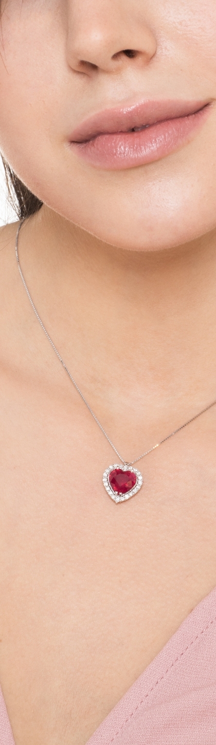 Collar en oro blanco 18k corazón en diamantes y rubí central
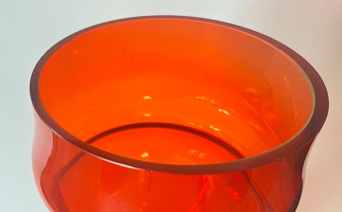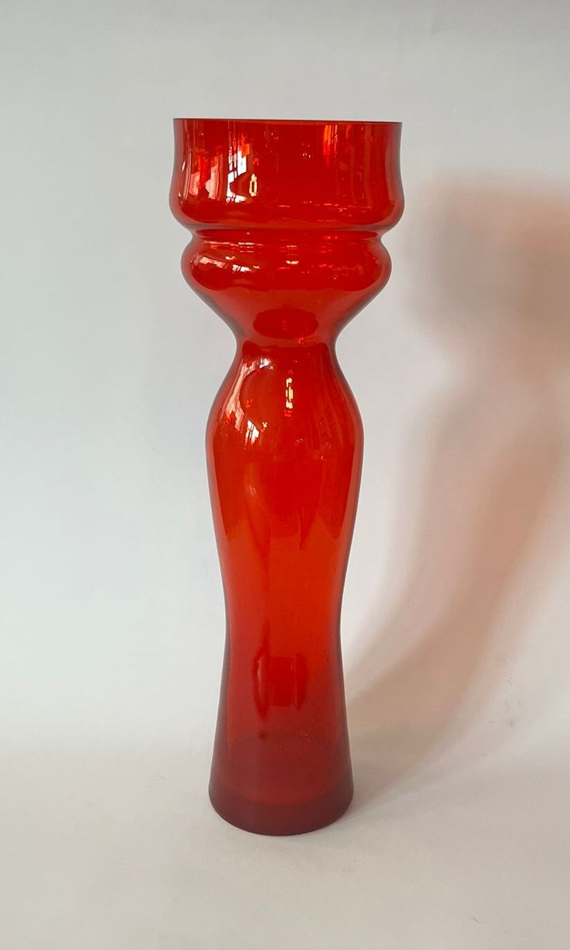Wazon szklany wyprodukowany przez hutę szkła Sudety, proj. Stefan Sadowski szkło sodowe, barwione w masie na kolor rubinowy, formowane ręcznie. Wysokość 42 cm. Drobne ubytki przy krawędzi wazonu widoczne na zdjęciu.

---

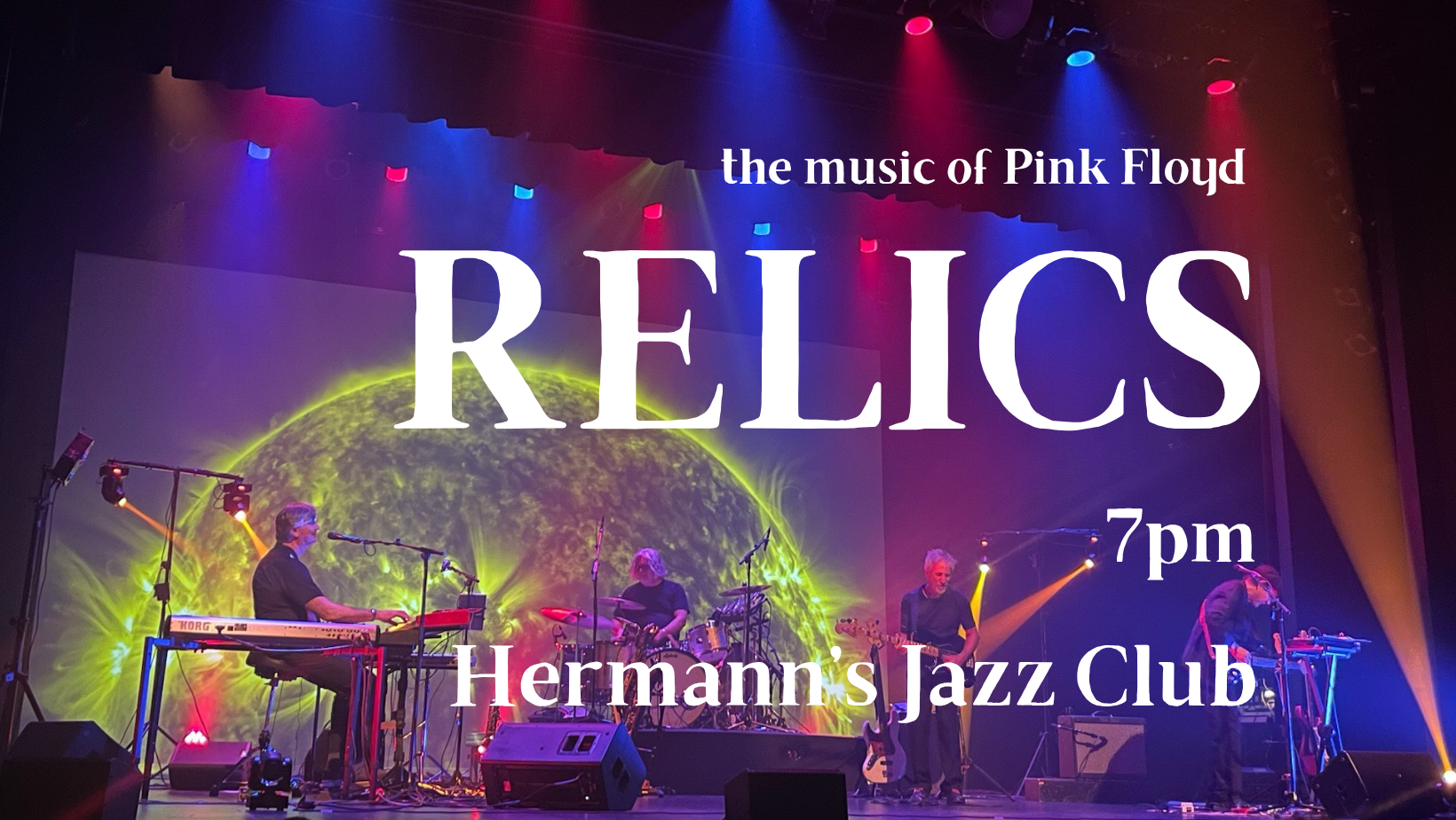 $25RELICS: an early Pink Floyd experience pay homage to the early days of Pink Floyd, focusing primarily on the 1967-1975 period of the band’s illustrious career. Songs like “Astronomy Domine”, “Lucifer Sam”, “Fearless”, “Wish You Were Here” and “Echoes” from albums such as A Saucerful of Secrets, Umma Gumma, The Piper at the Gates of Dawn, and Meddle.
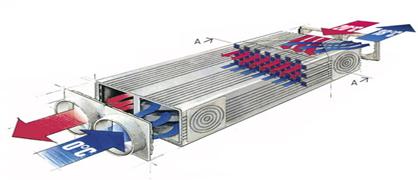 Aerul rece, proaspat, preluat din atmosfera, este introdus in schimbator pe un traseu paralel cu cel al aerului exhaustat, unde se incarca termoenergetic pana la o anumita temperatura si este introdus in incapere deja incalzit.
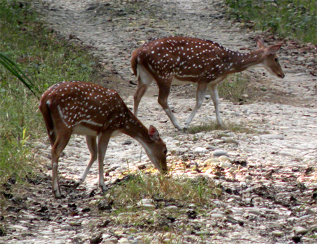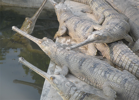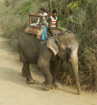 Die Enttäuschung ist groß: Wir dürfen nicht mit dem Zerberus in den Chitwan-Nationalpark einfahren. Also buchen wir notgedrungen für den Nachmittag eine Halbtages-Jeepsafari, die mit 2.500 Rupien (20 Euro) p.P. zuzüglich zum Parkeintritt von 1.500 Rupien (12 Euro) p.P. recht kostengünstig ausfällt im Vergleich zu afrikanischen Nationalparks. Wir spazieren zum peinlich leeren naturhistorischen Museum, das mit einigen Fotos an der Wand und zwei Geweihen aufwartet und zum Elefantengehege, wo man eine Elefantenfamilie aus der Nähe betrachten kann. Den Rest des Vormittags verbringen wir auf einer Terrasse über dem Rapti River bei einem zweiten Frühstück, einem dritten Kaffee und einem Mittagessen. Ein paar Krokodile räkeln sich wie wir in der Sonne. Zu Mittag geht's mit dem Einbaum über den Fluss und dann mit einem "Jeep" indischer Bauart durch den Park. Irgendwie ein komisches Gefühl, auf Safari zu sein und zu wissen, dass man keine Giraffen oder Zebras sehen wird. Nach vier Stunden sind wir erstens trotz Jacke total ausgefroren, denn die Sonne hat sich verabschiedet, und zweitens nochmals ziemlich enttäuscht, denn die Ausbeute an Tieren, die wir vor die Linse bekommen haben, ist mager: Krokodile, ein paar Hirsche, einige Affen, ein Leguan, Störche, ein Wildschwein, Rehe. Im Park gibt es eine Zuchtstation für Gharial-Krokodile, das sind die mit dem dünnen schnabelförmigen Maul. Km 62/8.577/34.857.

...

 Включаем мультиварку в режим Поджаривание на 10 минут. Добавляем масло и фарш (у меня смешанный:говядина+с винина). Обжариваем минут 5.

Activity -> In the listing above, find the line containing "Collar en oro". Output it and every line after it up to and including the line containing "Wazon szklany wyprodukowany", exactly, but skip the pictures.

Exercise solution ->
 Collar en oro blanco 18k corazón en diamantes y rubí central
Wazon szklany wyprodukowany przez hutę szkła Sudety, proj. Stefan Sadowski szkło sodowe, barwione w masie na kolor rubinowy, formowane ręcznie. Wysokość 42 cm. Drobne ubytki przy krawędzi wazonu widoczne na zdjęciu.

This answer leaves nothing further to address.